Clayton Police detectives are following up on leads as to who damaged the construction site of the new community center, but they are hoping their offer of a reward of up to $5,000 for information that leads to an arrest and conviction will produce more.
The vandalism apparently happened in daylight Aug. 23, when the crews were not working, Clayton Police Chief Glen Allen said. He said a patrol officer discovered the damage about 6:45 p.m.

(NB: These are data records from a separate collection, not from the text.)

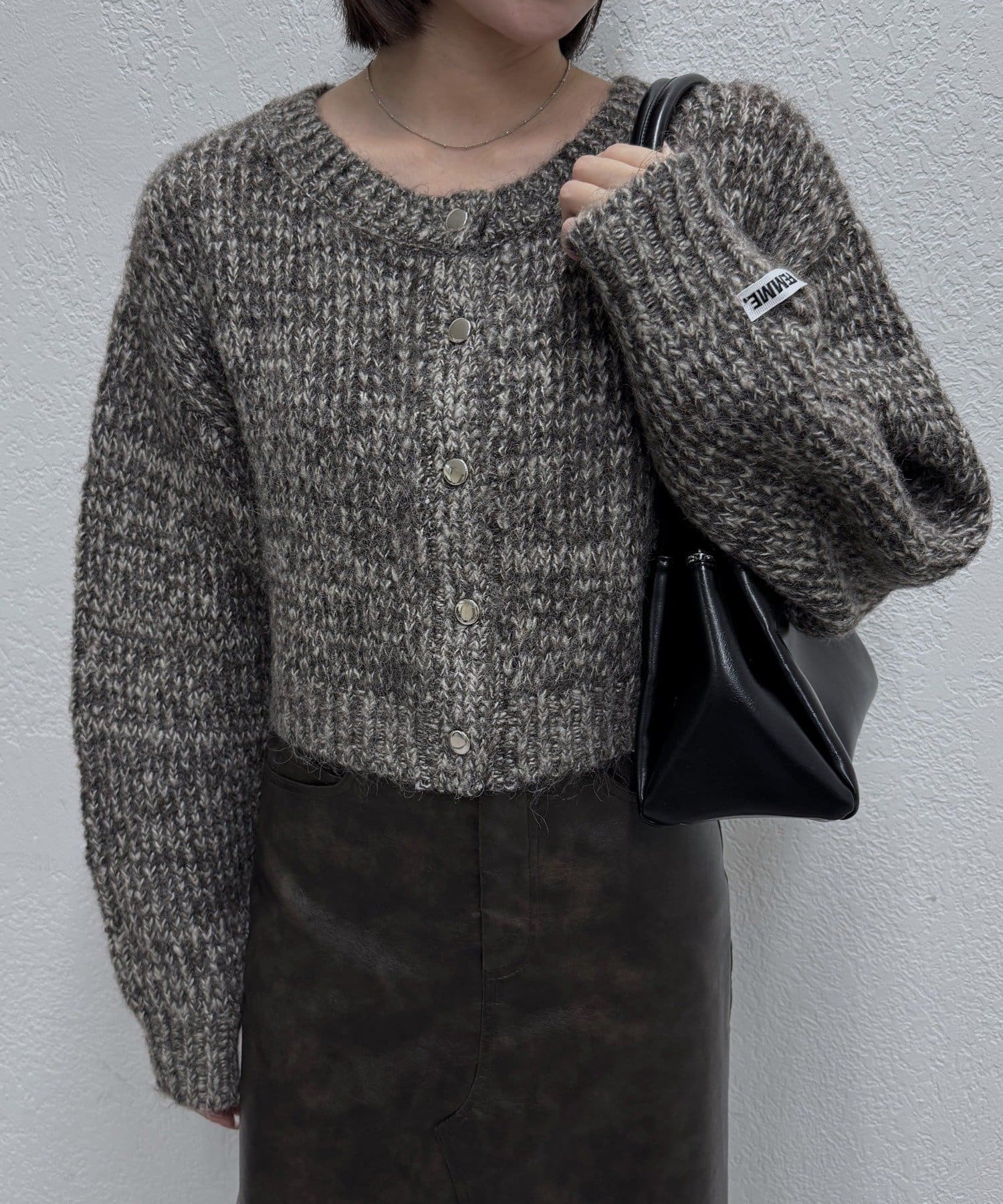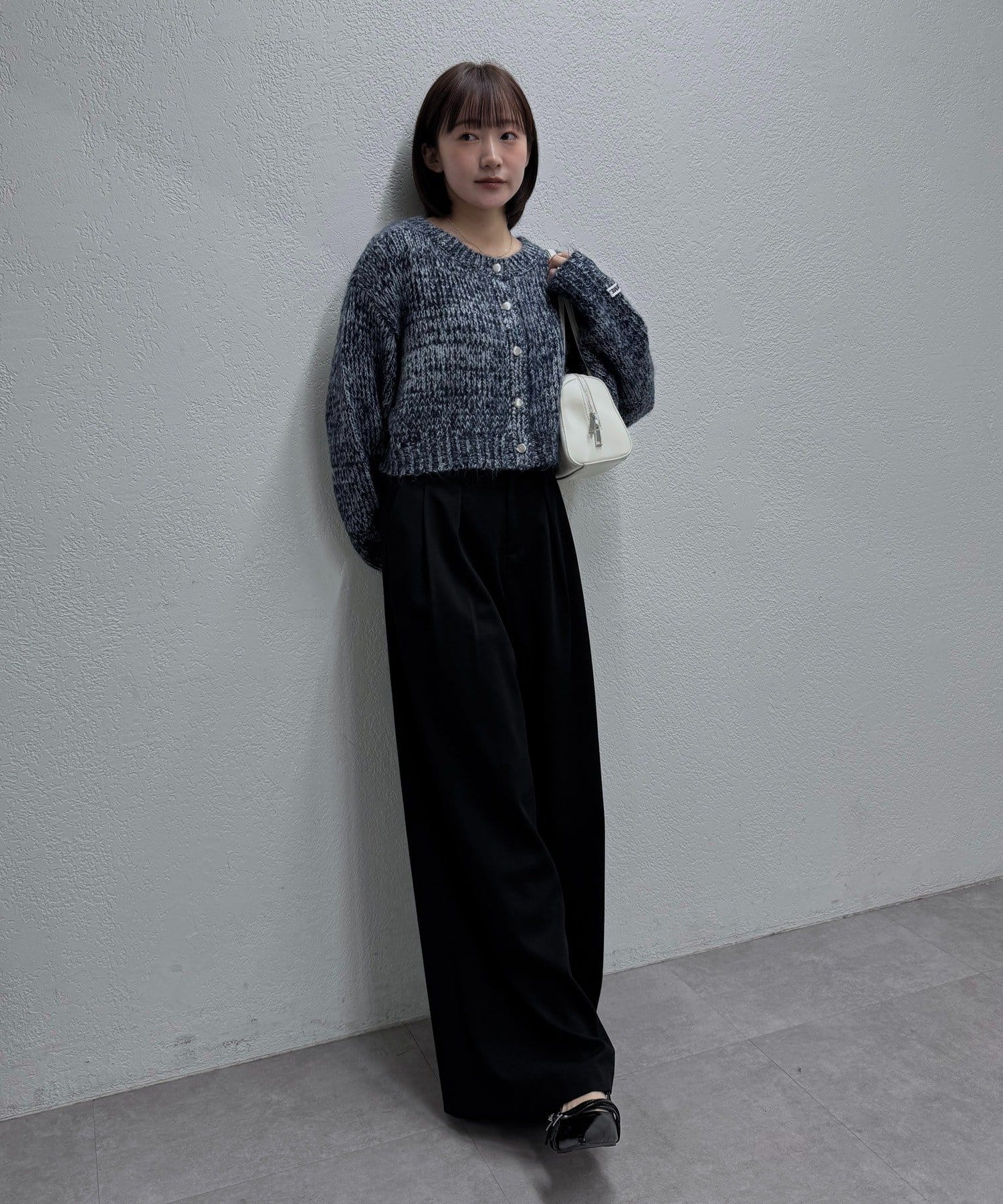 ・ざっくりとした編み地のカーディガンが羽織るだけでオシャレにしてくれます。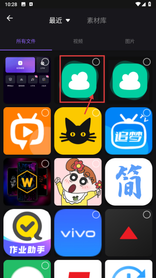 2、在素材选择页面,选择要编辑的视频素材。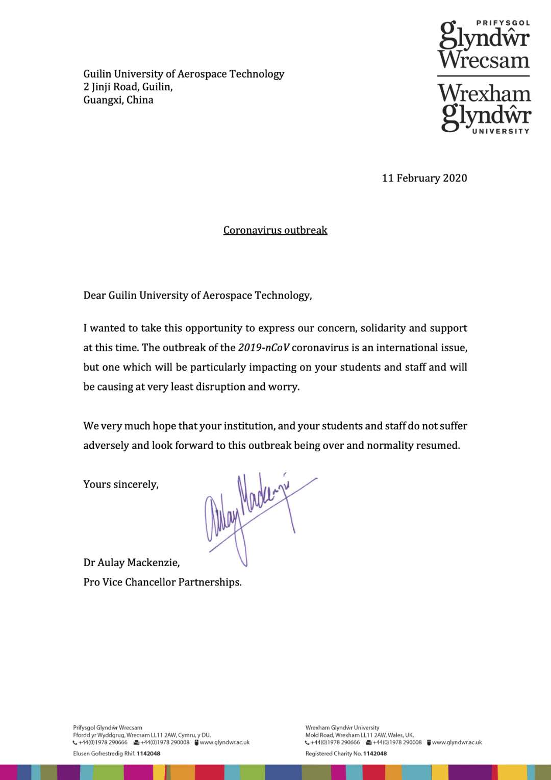 英国格林多大学副校长在慰问信中表示,在这抗击疫情的关键的时刻,他仅代表格林多大学向pp电子所有教职员工表示最诚挚的慰问,他希望pp电子师生能够平安健康,他坚信我们一定能够战胜疫情。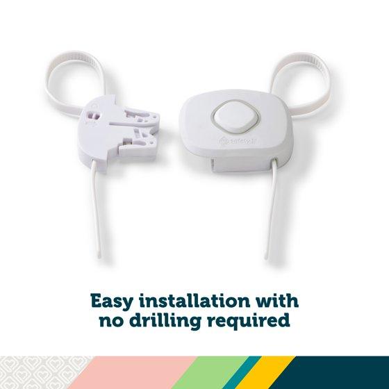 It installs easily with no drilling required. The adjustable straps let you get a customized fit for cabinets with hardware up to 8 inches apart and can be used on cabinets with either knobs or handle pulls. For periods of non-use, this cabinet lock hangs conveniently out of the way, but stays close for when it’s needed again.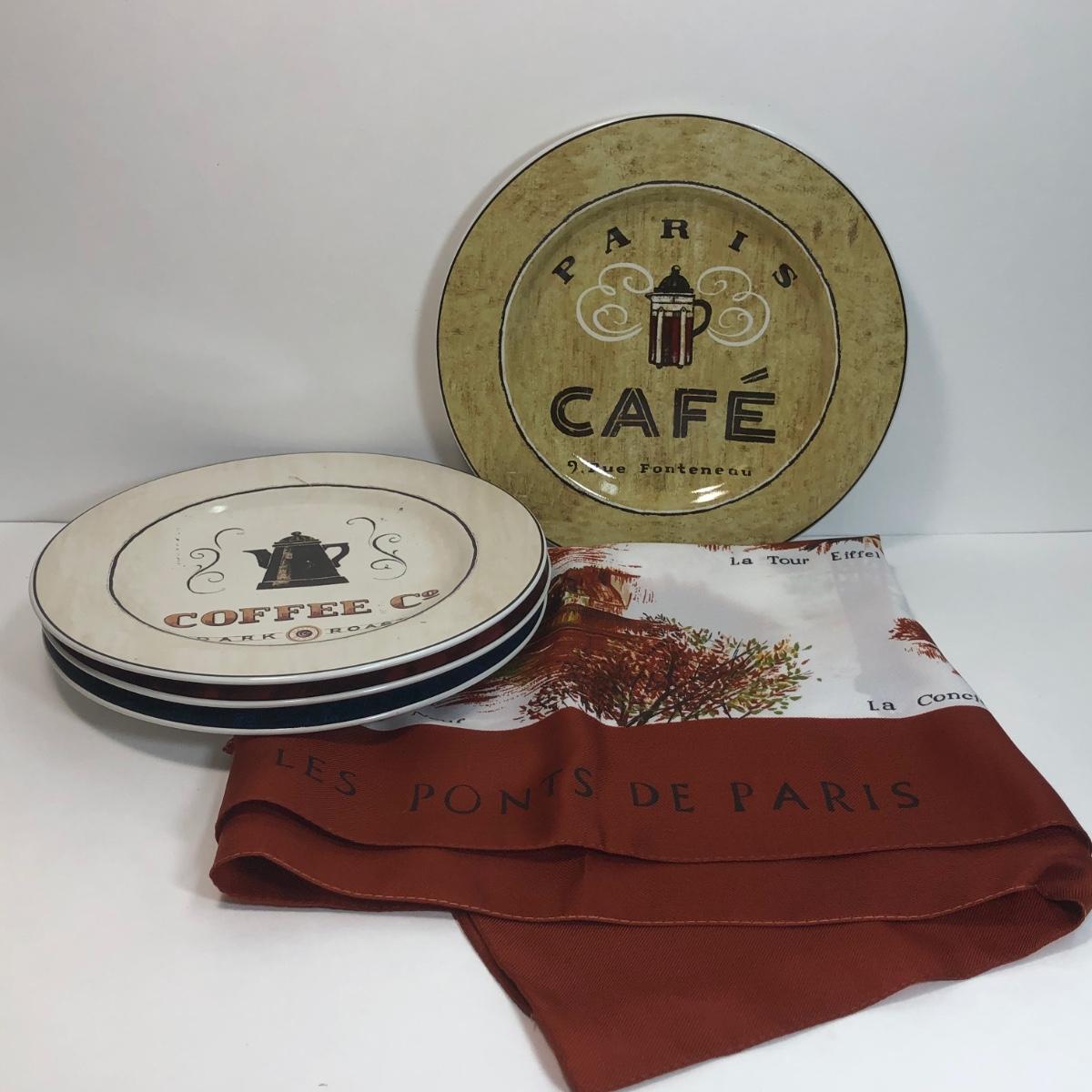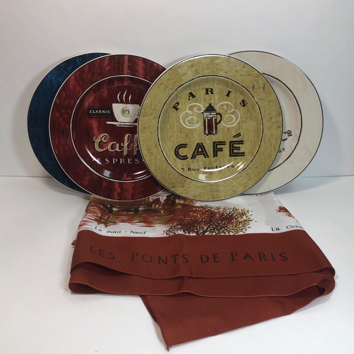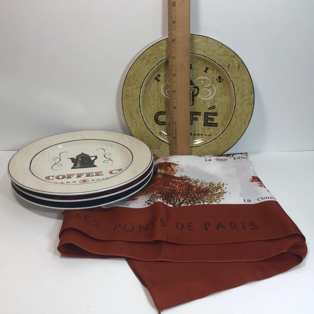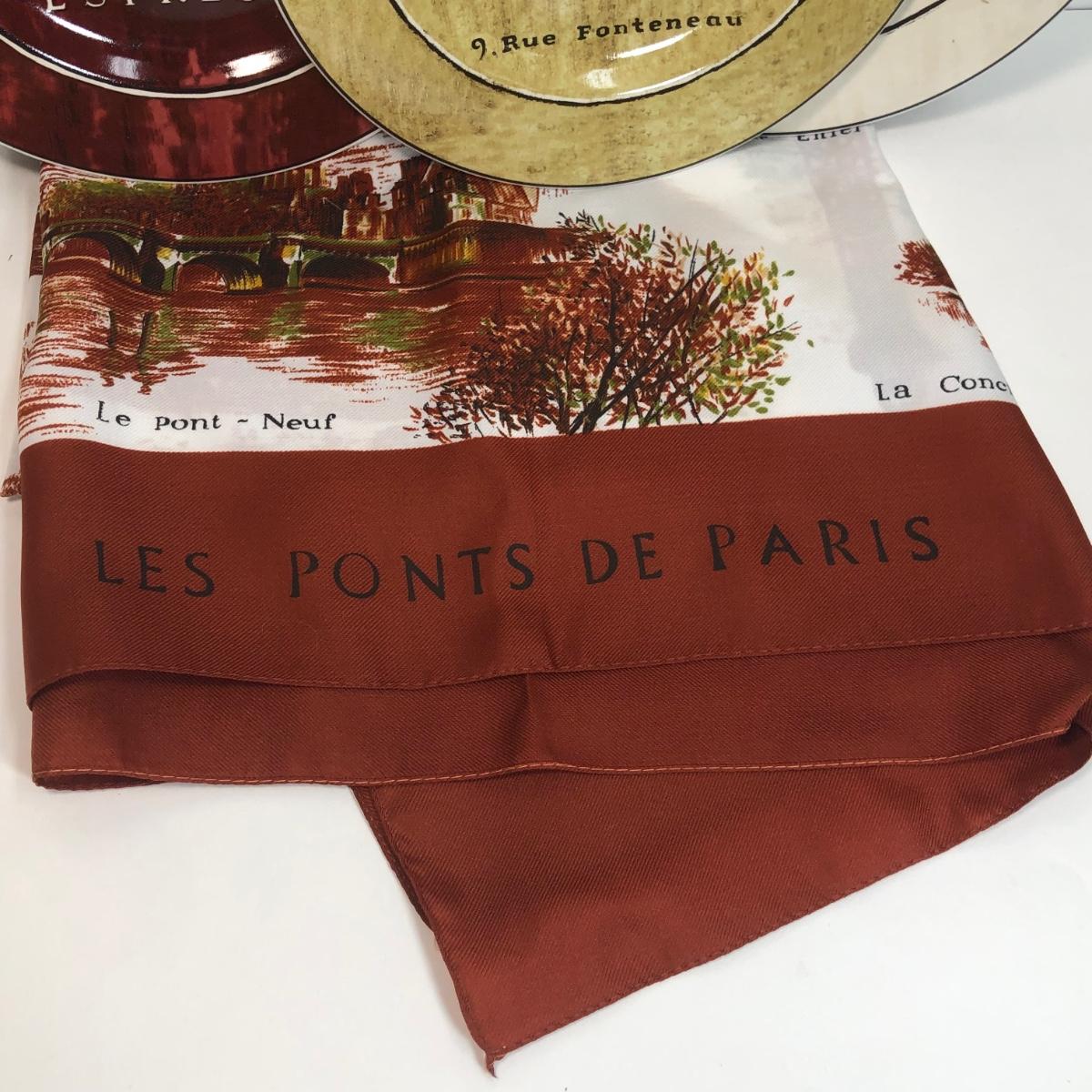 LOT 20: Vintage Scarf Les Ponts de Paris 30" x 30" & Sakura Coffee Break Set of 4 Stoneware Dessert Plates

The vandal or vandals smashed in a wall, knocked over scaffolding and drove the equipment over piles of building materials.

It is not clear how the hoodlum got the bulldozer started, Allen said.

The part of the construction site, at 715 Amelia Church Road, that was damaged is not visible from the road.

Town officials said the damage will delay the spring opening of the 30,000-square-foot center, but it’s not clear how long fixing it will take or how much it will cost.

“We strongly believe that there are people with knowledge of details that may help solve this case,” Allen said in a news release Monday.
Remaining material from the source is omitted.